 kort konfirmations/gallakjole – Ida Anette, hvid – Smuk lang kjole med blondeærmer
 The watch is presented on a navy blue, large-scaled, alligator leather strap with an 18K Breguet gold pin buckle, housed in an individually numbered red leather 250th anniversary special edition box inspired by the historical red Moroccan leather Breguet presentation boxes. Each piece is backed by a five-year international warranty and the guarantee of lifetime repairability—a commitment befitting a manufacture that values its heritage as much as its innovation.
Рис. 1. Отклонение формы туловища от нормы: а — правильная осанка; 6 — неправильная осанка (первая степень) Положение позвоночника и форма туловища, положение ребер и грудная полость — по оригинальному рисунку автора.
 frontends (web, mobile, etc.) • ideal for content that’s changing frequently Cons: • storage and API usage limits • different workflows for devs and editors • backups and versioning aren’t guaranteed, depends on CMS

---

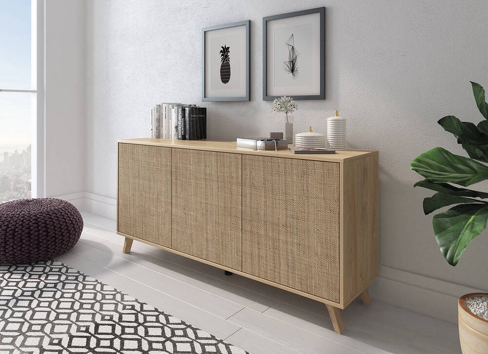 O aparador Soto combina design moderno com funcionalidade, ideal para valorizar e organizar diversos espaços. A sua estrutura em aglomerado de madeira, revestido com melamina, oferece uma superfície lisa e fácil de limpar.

Work task »
Copy word for word the stretch of entries above from the line that has "kort konfirmations/gallakjole –" through the line that has "Рис. 1. Отклонение", both ends included, and nothing outside it.

Written answer »
 kort konfirmations/gallakjole – Ida Anette, hvid – Smuk lang kjole med blondeærmer
 The watch is presented on a navy blue, large-scaled, alligator leather strap with an 18K Breguet gold pin buckle, housed in an individually numbered red leather 250th anniversary special edition box inspired by the historical red Moroccan leather Breguet presentation boxes. Each piece is backed by a five-year international warranty and the guarantee of lifetime repairability—a commitment befitting a manufacture that values its heritage as much as its innovation.
Рис. 1. Отклонение формы туловища от нормы: а — правильная осанка; 6 — неправильная осанка (первая степень) Положение позвоночника и форма туловища, положение ребер и грудная полость — по оригинальному рисунку автора.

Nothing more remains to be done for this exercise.